According to Oryx, a military blog tracking Russian losses, Moscow has lost more than 5,200 vehicles in the conflict – more than 3,300 of which have been destroyed.

Oryx counts losses through visual confirmations, meaning its numbers are considered the minimum number of vehicles destroyed.

While Russia has deployed Soviet-era tactics and military hardware, Ukraine has deployed smaller, more mobile units – to great effect – that can strike targets and quickly retreat from danger before the invaders can react.

Ukraine has also made effective use of U.S.-supplied weaponry, especially the High Mobility Artillery Rocket System (HIMARS), and Russia has taken a series of major blows as a result. It is believed HIMARS were used in the attacks on Crimea.

Russia’s defence ministry claimed the explosions at the ammunition depot were ‘a result of sabotage’.

An ammunition depot exploded in Crimea on Tuesday (pictured) just days after a series of explosions destroyed at least seven Russian warplanes at a nearby air force base

The explosions at the airbase on August 9, which killed one person and wounded 14, sent tourists fleeing in panic from a nearby beach as plumes of smoke snaked along the coastline

At least seven Russian fighter jets were destroyed and ammunition storage facilities were destroyed in the explosions on August 9. Pictured: Satellite images show the destroyed Russian aircraft at the Saki Air base  

The Crimean peninsula, which Russia annexed in 2014, is the main supply route for its forces in southern Ukraine and the base for its Black Sea fleet.

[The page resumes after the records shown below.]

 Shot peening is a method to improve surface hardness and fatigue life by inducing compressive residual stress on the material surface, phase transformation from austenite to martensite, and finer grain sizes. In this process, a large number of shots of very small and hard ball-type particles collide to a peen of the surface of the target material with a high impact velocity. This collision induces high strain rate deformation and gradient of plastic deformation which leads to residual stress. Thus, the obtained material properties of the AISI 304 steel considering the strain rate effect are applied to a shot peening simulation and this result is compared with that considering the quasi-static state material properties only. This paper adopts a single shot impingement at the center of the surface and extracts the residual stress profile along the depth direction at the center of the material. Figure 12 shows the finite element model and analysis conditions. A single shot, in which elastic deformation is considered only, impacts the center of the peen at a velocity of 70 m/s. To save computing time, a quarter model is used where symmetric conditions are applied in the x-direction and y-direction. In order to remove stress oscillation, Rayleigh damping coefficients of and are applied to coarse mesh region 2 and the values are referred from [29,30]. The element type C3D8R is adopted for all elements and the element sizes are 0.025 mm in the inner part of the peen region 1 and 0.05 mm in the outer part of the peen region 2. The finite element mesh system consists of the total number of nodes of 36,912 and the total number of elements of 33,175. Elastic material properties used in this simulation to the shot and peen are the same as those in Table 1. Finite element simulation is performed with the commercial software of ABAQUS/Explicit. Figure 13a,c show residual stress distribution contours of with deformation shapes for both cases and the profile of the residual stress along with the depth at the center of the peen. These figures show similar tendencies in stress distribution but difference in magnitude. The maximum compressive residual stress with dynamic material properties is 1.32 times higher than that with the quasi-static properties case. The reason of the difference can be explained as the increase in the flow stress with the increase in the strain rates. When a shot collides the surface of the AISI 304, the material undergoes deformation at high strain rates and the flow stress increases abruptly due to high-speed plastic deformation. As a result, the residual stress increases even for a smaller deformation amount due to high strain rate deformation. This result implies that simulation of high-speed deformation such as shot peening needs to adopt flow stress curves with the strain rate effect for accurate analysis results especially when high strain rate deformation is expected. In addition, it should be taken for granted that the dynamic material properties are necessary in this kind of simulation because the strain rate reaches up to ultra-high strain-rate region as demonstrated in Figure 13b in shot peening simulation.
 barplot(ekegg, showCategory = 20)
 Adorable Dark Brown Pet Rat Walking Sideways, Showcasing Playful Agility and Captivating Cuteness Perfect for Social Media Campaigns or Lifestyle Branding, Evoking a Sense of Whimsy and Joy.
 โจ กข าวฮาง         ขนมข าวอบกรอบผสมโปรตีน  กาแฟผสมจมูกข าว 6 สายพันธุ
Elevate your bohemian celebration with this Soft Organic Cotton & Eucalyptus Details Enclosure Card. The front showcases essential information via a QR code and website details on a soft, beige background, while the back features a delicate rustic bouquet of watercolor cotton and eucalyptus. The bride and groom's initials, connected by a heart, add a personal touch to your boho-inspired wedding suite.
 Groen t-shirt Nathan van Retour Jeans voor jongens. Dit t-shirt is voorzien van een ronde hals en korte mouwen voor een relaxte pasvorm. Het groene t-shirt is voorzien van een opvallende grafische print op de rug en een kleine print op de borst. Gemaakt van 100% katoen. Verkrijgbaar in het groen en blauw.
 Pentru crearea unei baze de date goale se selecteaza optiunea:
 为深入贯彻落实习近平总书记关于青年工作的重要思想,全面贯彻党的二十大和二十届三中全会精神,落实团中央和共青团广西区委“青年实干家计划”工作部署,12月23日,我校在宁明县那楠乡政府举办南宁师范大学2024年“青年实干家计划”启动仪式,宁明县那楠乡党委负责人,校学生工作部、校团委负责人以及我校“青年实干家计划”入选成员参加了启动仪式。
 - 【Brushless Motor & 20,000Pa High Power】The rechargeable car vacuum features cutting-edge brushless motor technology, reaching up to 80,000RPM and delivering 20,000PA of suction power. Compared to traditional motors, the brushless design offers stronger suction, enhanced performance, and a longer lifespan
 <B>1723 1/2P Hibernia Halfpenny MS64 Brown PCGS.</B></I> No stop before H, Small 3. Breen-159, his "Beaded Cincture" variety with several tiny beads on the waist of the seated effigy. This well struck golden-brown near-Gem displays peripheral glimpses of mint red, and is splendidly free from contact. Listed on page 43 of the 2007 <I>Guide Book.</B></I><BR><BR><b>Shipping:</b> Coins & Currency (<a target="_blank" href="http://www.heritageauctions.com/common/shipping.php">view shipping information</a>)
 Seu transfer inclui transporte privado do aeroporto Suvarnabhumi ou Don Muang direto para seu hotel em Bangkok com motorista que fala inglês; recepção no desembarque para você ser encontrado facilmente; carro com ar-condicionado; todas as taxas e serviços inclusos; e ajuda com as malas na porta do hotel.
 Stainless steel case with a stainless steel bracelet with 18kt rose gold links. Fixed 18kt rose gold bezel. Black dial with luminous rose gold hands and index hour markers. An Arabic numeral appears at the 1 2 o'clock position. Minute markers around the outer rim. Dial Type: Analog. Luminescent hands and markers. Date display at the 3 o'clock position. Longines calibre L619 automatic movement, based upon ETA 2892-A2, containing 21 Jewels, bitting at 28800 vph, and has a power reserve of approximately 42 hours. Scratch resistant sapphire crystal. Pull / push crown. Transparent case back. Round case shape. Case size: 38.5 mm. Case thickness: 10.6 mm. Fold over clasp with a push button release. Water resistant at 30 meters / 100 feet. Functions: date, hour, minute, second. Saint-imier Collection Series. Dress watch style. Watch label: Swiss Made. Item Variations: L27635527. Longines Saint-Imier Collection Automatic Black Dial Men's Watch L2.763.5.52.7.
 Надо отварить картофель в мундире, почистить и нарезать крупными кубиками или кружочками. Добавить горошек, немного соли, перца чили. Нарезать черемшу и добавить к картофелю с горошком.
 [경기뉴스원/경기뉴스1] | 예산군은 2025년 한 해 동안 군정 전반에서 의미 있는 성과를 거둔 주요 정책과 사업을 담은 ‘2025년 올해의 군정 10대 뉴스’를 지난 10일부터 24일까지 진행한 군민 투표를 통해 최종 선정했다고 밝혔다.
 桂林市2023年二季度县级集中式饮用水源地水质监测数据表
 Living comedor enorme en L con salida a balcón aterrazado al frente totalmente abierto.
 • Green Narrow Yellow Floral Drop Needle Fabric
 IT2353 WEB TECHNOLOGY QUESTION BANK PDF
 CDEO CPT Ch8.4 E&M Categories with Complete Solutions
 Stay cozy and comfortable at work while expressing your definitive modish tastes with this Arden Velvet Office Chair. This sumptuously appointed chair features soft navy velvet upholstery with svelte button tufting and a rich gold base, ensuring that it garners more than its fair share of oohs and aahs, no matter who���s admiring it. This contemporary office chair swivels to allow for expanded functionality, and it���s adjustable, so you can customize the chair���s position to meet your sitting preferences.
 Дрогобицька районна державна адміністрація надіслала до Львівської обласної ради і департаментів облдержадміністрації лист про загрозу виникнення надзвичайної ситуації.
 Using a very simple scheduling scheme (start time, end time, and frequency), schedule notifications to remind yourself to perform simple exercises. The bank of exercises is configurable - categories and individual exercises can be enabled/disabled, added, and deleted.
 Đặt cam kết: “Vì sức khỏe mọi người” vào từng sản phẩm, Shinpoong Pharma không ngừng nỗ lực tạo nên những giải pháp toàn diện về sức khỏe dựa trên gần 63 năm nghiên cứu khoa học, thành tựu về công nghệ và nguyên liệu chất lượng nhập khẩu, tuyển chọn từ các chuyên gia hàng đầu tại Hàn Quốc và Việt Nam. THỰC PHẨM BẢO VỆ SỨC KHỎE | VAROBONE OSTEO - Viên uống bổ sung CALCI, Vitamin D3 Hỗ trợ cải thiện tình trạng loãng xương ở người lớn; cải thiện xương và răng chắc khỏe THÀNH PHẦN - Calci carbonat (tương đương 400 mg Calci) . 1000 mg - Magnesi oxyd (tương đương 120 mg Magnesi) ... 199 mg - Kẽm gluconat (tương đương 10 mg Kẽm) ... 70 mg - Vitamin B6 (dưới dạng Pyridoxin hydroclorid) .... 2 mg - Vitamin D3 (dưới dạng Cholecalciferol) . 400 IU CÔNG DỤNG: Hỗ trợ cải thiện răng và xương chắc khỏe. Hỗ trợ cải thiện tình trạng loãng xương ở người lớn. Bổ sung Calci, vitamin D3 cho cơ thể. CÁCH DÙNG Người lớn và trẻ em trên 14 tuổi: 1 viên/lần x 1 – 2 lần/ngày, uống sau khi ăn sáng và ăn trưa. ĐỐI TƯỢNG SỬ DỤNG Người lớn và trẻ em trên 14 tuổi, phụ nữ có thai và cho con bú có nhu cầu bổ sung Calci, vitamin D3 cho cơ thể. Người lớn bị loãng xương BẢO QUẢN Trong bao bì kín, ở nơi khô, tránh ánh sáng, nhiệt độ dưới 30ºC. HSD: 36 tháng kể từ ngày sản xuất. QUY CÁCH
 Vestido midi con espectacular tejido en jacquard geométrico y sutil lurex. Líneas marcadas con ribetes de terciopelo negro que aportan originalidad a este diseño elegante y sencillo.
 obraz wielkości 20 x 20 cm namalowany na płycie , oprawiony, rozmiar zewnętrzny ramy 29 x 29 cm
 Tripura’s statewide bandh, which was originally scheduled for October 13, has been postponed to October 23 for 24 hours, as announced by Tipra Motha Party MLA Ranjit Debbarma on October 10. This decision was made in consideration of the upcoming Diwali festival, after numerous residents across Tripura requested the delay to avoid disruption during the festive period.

Ukraine did not confirm or deny responsibility for the explosions though its officials cheered Russia’s setbacks.

Presidential adviser Mykhailo Podolyak and chief of staff Andriy Yermak both exulted on social media at ‘demilitarisation’, an apparent mocking reference to the word Russia uses to justify its invasion.

Podolyak told Britain’s Guardian newspaper later that Ukraine’s strategy was to destroy Russian ‘logistics, supply lines and ammunition depots and other objects of military infrastructure.’

‘It’s creating a chaos within their own forces,’ he said.

As Ukraine considers a counter-offensive in the south, the explosions raised the prospect of new dynamics in the six-month-old war if Ukraine has capability to strike deeper in Russian-occupied territory or pro-Ukraine groups are having success with guerrilla-style attacks.

President Volodymyr Zelensky urged Ukrainians to steer clear of Russian military bases and ammunition stores and said the explosions could have various causes, including incompetence.

An ammunition depot has exploded in Crimea just days after a series of explosions destroyed at least seven Russian warplanes at a nearby air force base. Earlier on Tuesday morning, a transformer substation near the town of Dzhankoi, 14 miles away from the ammunition depot, caught fire according to Russia’s RIA Novosti news agency

‘But they all mean the same thing – the destruction of the occupiers’ logistics, their ammunition, military and other equipment, and command posts, saves the lives of our people,’ he said in an evening address.

An electricity substation also caught fire in Tuesday’s blasts, according to footage on Russian state television. Seven trains were delayed and rail traffic on part of the line in northern Crimea had been suspended, Russia’s RIA news agency said.

Elsewhere, Ukraine said on Monday that HIMARS were used to strike a Wagner military base in the occupied city of Popasna after its location was inadvertently revealed by a Russian war propagandist.

Russian war propagandist Sergei Sreda marked a visit to Wagner’s Ukraine headquarters last week by posing alongside mercenaries in full combat gear.

But Sreda may have condemned the men to death – giving away the base’s location in the occupied city of Popasna after inadvertently photographing a street sign that contained the address of a nearby bomb shelter.

That was all experts needed to locate the base, which Ukraine then used to launch a HIMARS strike. Confirmation that it had been struck came on Sunday, when Telegram channels with links to Wagner began posting photos of the aftermath – including soldiers being carried away on stretchers.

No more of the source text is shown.